→ SUPPLIED MATERIAL:
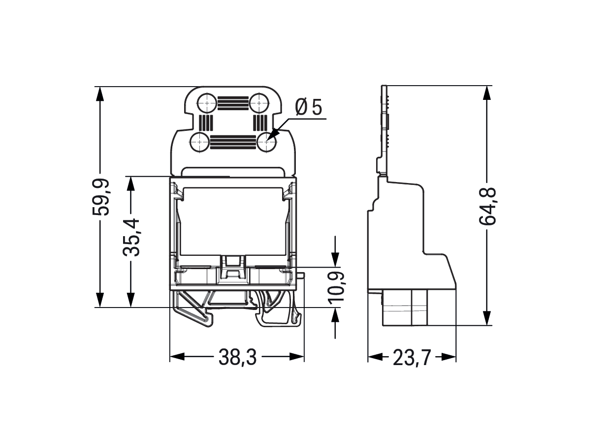 adapter montaż. z odciążeniem przewodów; do złączek 10-przewodowych; seria 221, 4 mm²; na szynę 15; do zastosowań Ex; jasnoszary
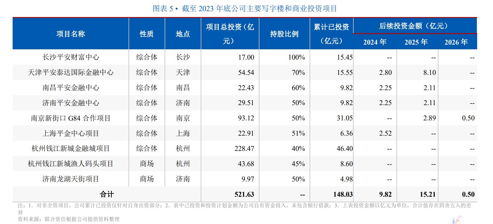 其中,截至2023年底,平安房地产主要商业投资项目详情图。图中提到的济南平安金融中心于11月26日正式开始运营。此外,平安房地产将在长沙、天津等地有新的项目布局。
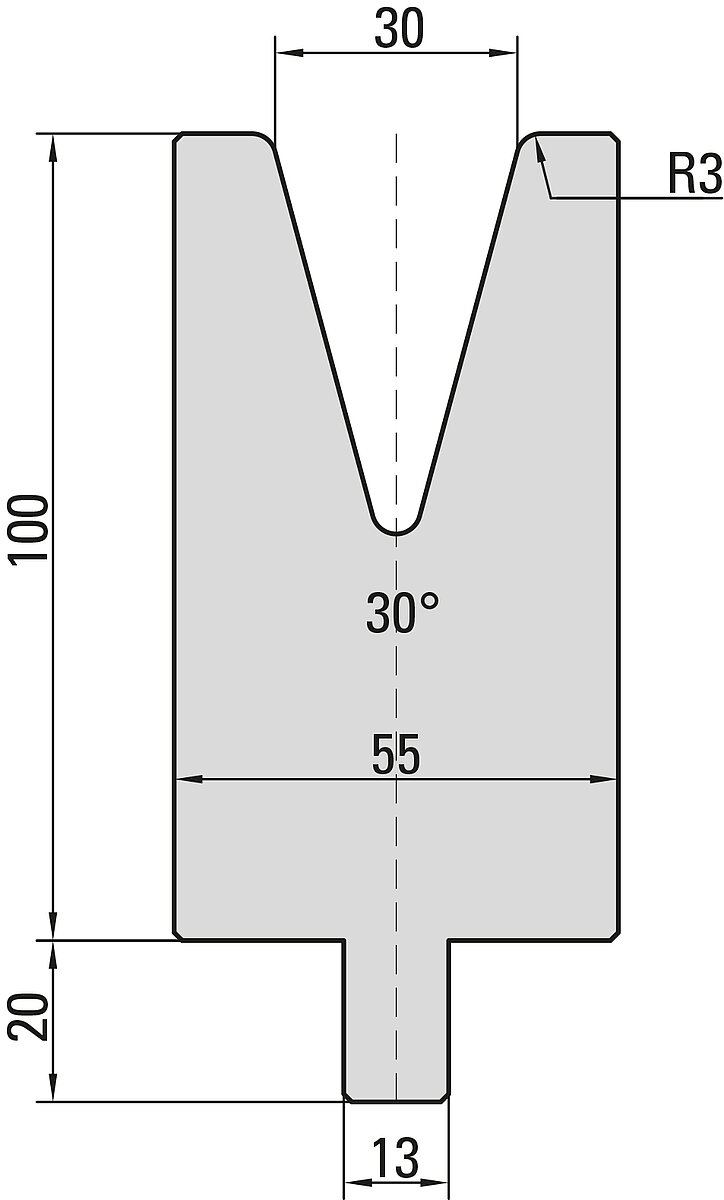 30° Matrize, V=30mm, R=3,0mm, H=100mm
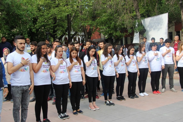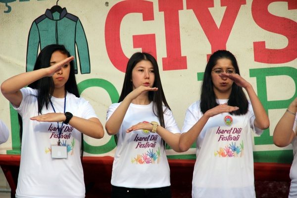 Karatekin Parkı'nda devam eden programa, işitme engelli çocukların kendi ülkelerinin milli marşlarını işaret dili seslendirmeleri damgasını vurdu. Programda İstiklal Marşı, Çankırı Belediyesi Üniversiteli Kız Öğrenciler Koordinasyon Merkezi İşaret Dili Kursiyerlerince işaret diliyle seslendirildi. Daha sonra diğer ülke katılımcılarının milli marşları işaret dili ile okundu. Başkan Dinç, tüm marşlara işaret diliyle eşlik etmeye çalıştı.
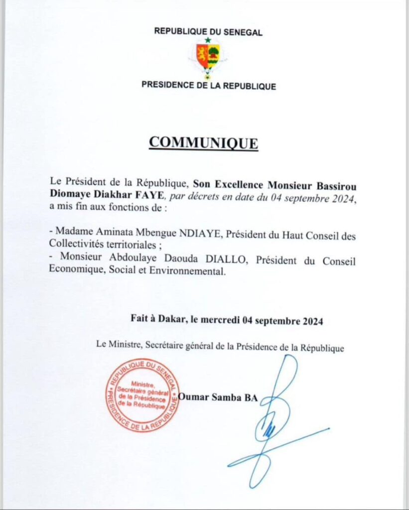C’est officiel. Comme annoncé par le Premier ministre Ousmane Sonko, le Président de la République Bassirou Diomaye Diakhar FAYE, « par décrets en date du 04 septembre 2024« , a mis fin aux fonctions de Mme Aminata Mbengue NDIAYE et de M. Abdoulaye Daouda Diallo, respectivement Présidents du Haut Conseil des Collectivités territoriales et du Conseil Economique, Social et Environnemental.
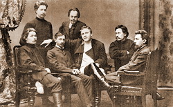 | Групповой фотоснимок участников литературного объединения «Среда», 1902 г. Стоят (слева направо): Леонид Андреев, Евгений Чириков. Сидят: Максим Горький, Иван Бунин, Федор Шаляпин, Скиталец (С. Г. Петров), Николай Телешов. |
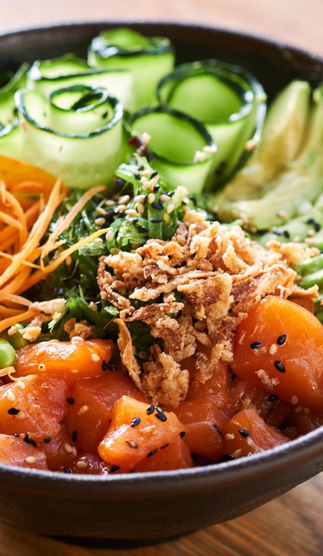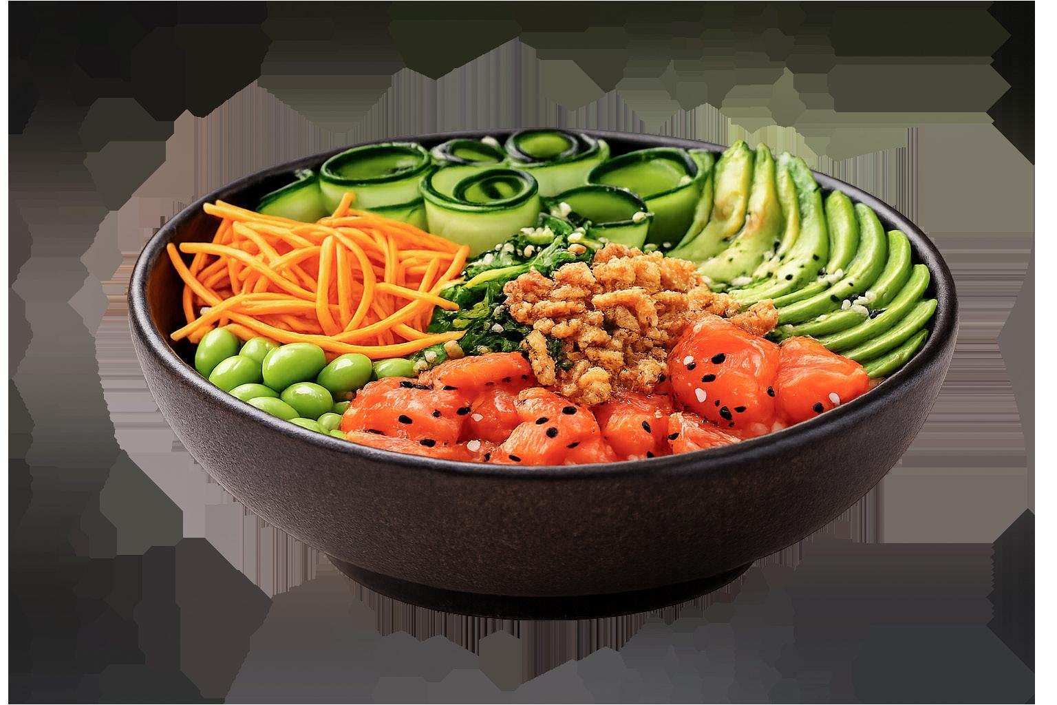 • Add salmon and arrange fresh toppings around the bowl.
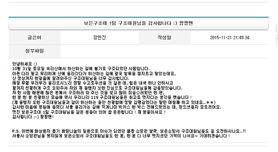 º¸Àº¼Ò¹æ¼, 119±¸Á¶´ë¿ø ±¸Á¶È°µ¿ °¨»ç±Û 'ÈÁ¦' ±¸Á¶ÀÇ ¼Õ±æÀ» ³»¹Ð¾îÁØ 119±¸Á¶´ë¿øµé¿¡°Ô °¨»çÇÕ´Ï´Ù
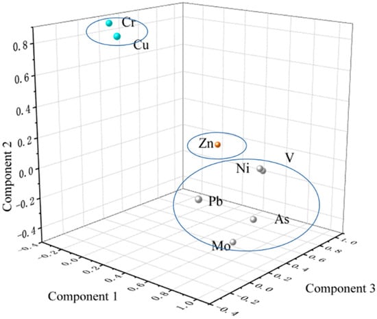 Principal component analysis (PCA) was performed to further identify the sources of dissolved heavy metals in the Chaobai River, with the results presented in Figure 3 [52,53]. Three principal components (PCs) existed in the Chaobai River in Table 3. PC1 had the primary loadings of V, Ni, As, Mo, and Pb, and contributed 51.7% of total variance, demonstrating similar sources of the five DHMs. The Beijing-Tianjin-Hebei (BTH) region is a major coal-consuming area in China, and during coal combustion, trace elements such as V, As, and Pb are often released into the environment [51,54]. Insufficient pollution control measures could lead to the atmospheric deposition or direct discharge of V, As, and Pb into water bodies, which was much more severe near large combustion facilities like thermal power plants [23,27,55,56]. The geological structure of the Beijing-Tianjin-Hebei region is complex, and nickel-containing minerals such as pyroxene and nickel iron ore are widely distributed in rocks within the basin, which are especially released during the weathering process of ultrabasic rocks and diabase [57,58,59]. Therefore, Ni may originate from natural sources. In addition to the Yanjiao national high-tech Industrial Development Zone, the Dachang Chaobai River Economic Zone, and the demonstration zone of emerging industry and the industrial estate of environmental protection, there are also several small furniture manufacturing and metal production enterprises not included in scientific statistics that may provide additional contributions to V, Ni, As, Mo, and Pb concentrations [60]. Therefore, PC1 represents a mixed origin influenced by industrial (thermal) pollution and natural processes.
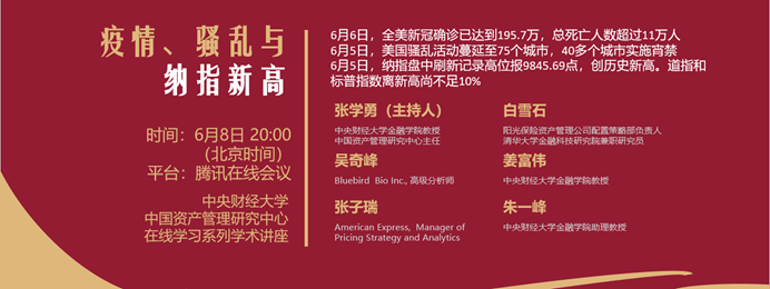 2020年6月8日晚八点,由BETVICTOR资产管理研究中心举办的在线学习讲座活动在“腾讯会议”平台成功举办。本次讲座的主题是“疫情、骚乱与纳指新高”,由BETVICTOR研究生院经理、BETVICTOR教授、中国资产管理研究中心主任张学勇老师主持。此次会议时长1小时45分钟,共有44人到会,主讲嘉宾共6位。讲座初始,张学勇老师就近日美国新冠病毒、美国骚乱活动及6月5日纳指刷新高位进行总体概述,引出本次讲座的主题。
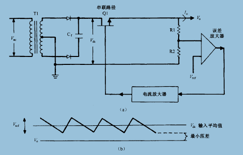 實(shí)質(zhì)上,輸入電壓的任何變化(不管是由于交流輸入網(wǎng)壓的紋波,還是由于輸入電壓規(guī)定范圍內(nèi)的穩(wěn)態(tài)波動,或是由于負(fù)載瞬變造成的輸入電壓瞬態(tài)變化)都會被串聯(lián)晶體管等效電阻所調(diào)整.使輸出電壓保持不變暗,其恒定程度與反饋放大器的的開環(huán)增益相關(guān)
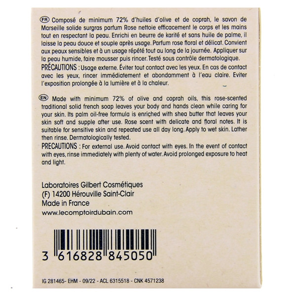 Le Savon de Marseille Solide Extra Doux Rose de la marque Le comptoir du Bain nettoie efficacement la peau sensible du corps et des mains tout en la respectant. Ce savon laisse un parfum délicat de rose sur la peau.
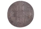Reverse: 4 crowned shields bearing arms of Scotland, England, France & Ireland; garter star in centre of design; coin has lettering on edge
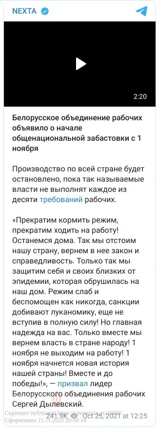 Позицію білоруських робітників озвучив голова об'єднання Сергій Дилевський. Він наголосив, що зараз режим Лукашенка дуже слабкий через потужні санкції Заходу.
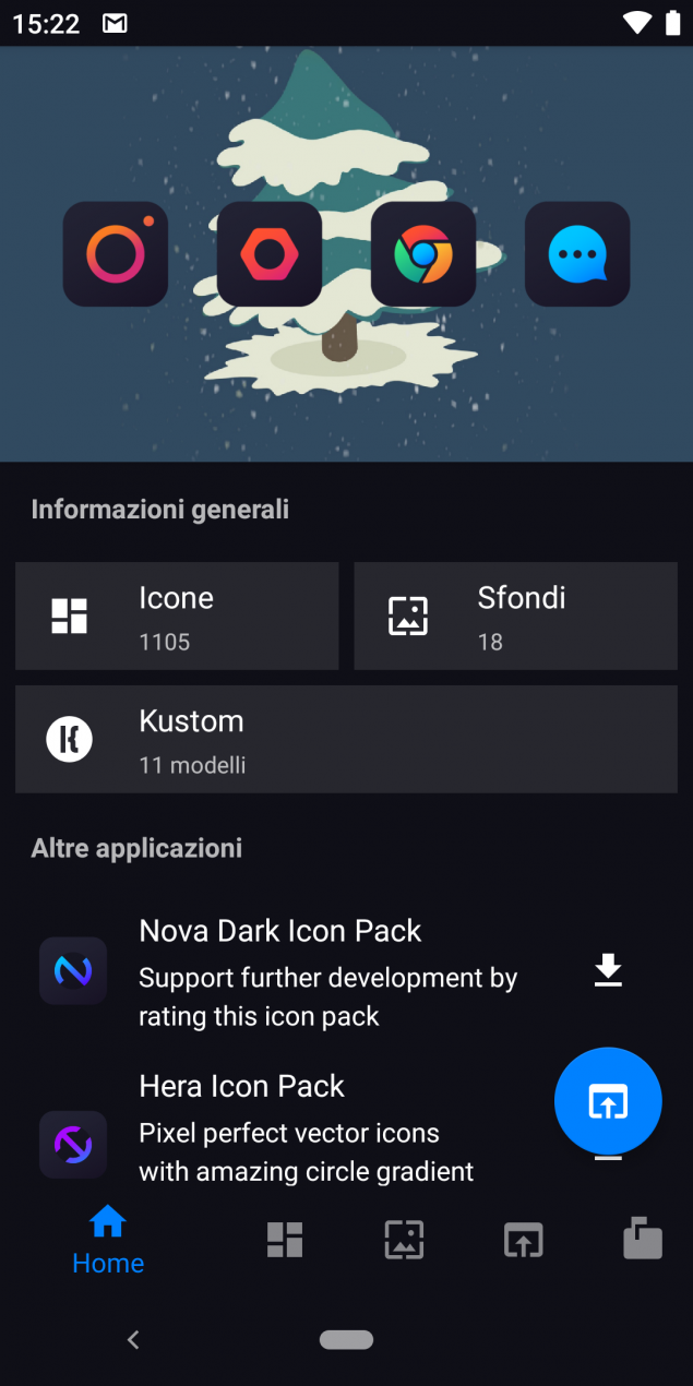L’icon pack include oltre 1.100 icone vettoriali che comprendono anche quelle per il calendario dinamico, ma lo sviluppatore punta ad arrivare a 3000 icone, inoltre è possibile trovare icone alternative e 11 modelli Kustom.
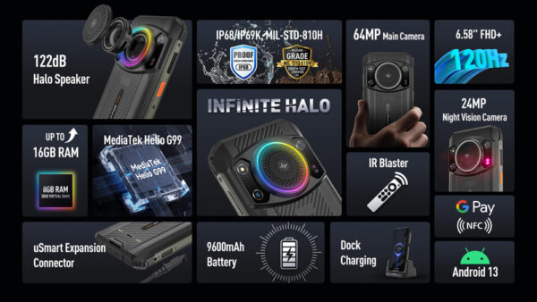 Ενσωματώνει μεγάλο ηχείο διαμέτρου 36mm που προσφέρει δυνατό και καθαρό ήχο για να ακούτε την αγαπημένη σας μουσική όπου και αν βρίσκεστε. Διαθέτει ring light Infinite Halo περιμετρικά του ηχείου, εξοπλισμένο με 18 RGB LED και διαφορετικά modes φωτισμού ανάλογα με τις λειτουργίες του smartphone.
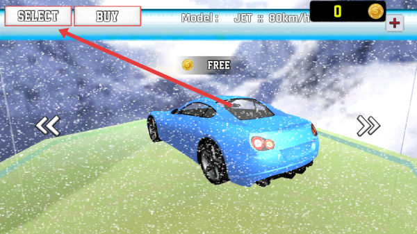 2、在車輛界面,選藍(lán)色賽車,點(diǎn)擊【SELECT】,確認(rèn)車輛,準(zhǔn)備進(jìn)入關(guān)卡,挑戰(zhàn)特技駕駛。
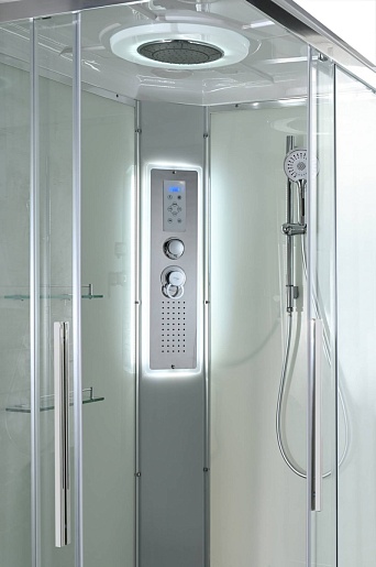 - Душевая штанга(позволяет регулировать по высоте ручную лейку), ручная арома-лейка с витамином С (картридж в комплекте, есть возможность замены или удаления картриджа), полочки(из стекла, с ограничителем), сифон с гидрозатвором, сенсорный пульт управления с функциями: блютуз, LED подсветка, радио, вытяжка, гидромассаж спины, тропический (верхний) душ.

→ WHAT YOU SHOULD DO:
Repeat each line of the material, unaltered, from the first through the line with "Karatekin Parkı'nda devam", and include no pictures.

→ TASK SOLUTION:
 adapter montaż. z odciążeniem przewodów; do złączek 10-przewodowych; seria 221, 4 mm²; na szynę 15; do zastosowań Ex; jasnoszary
 其中,截至2023年底,平安房地产主要商业投资项目详情图。图中提到的济南平安金融中心于11月26日正式开始运营。此外,平安房地产将在长沙、天津等地有新的项目布局。
 30° Matrize, V=30mm, R=3,0mm, H=100mm
 Karatekin Parkı'nda devam eden programa, işitme engelli çocukların kendi ülkelerinin milli marşlarını işaret dili seslendirmeleri damgasını vurdu. Programda İstiklal Marşı, Çankırı Belediyesi Üniversiteli Kız Öğrenciler Koordinasyon Merkezi İşaret Dili Kursiyerlerince işaret diliyle seslendirildi. Daha sonra diğer ülke katılımcılarının milli marşları işaret dili ile okundu. Başkan Dinç, tüm marşlara işaret diliyle eşlik etmeye çalıştı.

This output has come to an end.